A life-long locomotive engineer sustained a severe shoulder injury when the locomotive engine and train he was operating collided with asphalt-resurfacing construction equipment being operated and owned by a Louisiana Construction Company at a railroad crossing in Gonzales, Louisiana. On the day of this accident, as the engineer approached the railroad crossing in question, he could see the construction equipment on the crossing. Just seconds before the train entered the crossing, the machinery pulled off of the railroad tracks leaving a steel cable hanging over the railroad track.
Fearful that the cable could whip into his open window, the engineer threw the train into emergency and attempted to dive to the floor. As he was diving, the train collided with the steel cable and asphalt mill, mangling the back of the construction equipment and severely injuring the locomotive engineer. In the process, and as he was going to the floor, the engineer banged his head into the console heater in the engine’s cab, slammed his chest into the engine’s console, and smashed his left shoulder into the engine’s throttle reverser.
The Construction Company superintendent in charge of the milling operation testified during litigation that just prior to the collision, the asphalt grader he was assisting had milled within 15 feet of the railroad tracks. The Rotor Mill itself was within 5 feet of the rails just before the train collision. The Construction Company superintendent testified that because of the exceptionally loud noise generated by the Rotor Mill, he could not hear the train’s horn or bells. In fact, he did not even know that a train was approaching him from behind until the automatic crossing gate came down and struck him on the shoulder.
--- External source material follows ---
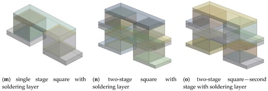 In order to predict temperature distribution, power, conversion efficiency, and thermal stress, a thermoelectric module with various configurations was investigated under four boundary conditions, temperatures of hot and cold junctions, and voltage conditions at high and low potential sides. These boundary conditions were applied to the four different faces, as shown in Figure 1a–c. Temperature of the cold junction was kept constant at 20 °C and voltage at the low potential side was fixed at 0 V. Temperature of the hot junction and voltage at the high potential were not constant for the various configurations of the thermoelectric module. The boundary conditions for the hot junction temperature and the high potential voltage of leg geometries, materials, and arrangements were shown in Table 2. The hot side temperature was varied with a step size of 50 °C and the high potential voltage with a step size of 0.001 V. The maximum temperatures for the hot junction of various configurations were decided based on the melting point temperature of the corresponding material of construction. The high potential voltages varied from 0 V to voltage value at which current and power became zero. During variations in high potential voltages, there existed an optimum voltage, which showed maximum power and maximum efficiency. Optimum voltage values were different with different configurations of the thermoelectric module because the variation ranges of the voltage were different for different configurations. In addition, the optimum voltage varied with the temperature difference for each configuration of the thermoelectric module. Maximum power and maximum efficiency were simulated at the optimum voltage for each configuration of the thermoelectric module at different temperature difference conditions. Apart from these four boundary conditions, the convection boundary condition with heat transfer coefficient of 1 × 10−6 W/mm2 °C was applied to all remaining faces of each configuration of the thermoelectric module. The heat transfer from the surfaces with the convection boundary condition to its surroundings was negligible.

At the same time, Construction Company flagmen, who had not placed themselves in a position to see approaching trains, had diverted traffic around the roadway construction equipment, located in the right lane, so that traffic could pass through the crossing using the left lane of the highway, which was free from equipment. Having first decided to divert traffic through a railroad crossing and also having not looked for an approaching train before diverting the traffic, the Construction Company flagmen caused an unknown vehicle to become trapped on the railroad tracks as the train approached.
As soon as the superintendent became aware that the train was approaching, he also noticed the vehicle trapped by the downed crossing gate. The superintendent first freed this vehicle by manually lifting the crossing gate. Then, he ordered the mill operator to pull forward, which could not be fully achieved before the train passed through the crossing, striking the steel cable and mangling the back door of the Rotor Mill.
The railroad right-of-way at the crossing involved extended 50 feet from the center of the railroad tracks on each side. It is clear that just seconds before this train collision, the Rotor Mill was operating well within the railroad right-of-way. Even so, the construction company admitted numerous times, including in its Answers to Interrogatories, that prior to accident, it never notified the railroad that it was conducting construction activities within its property and right-of-way.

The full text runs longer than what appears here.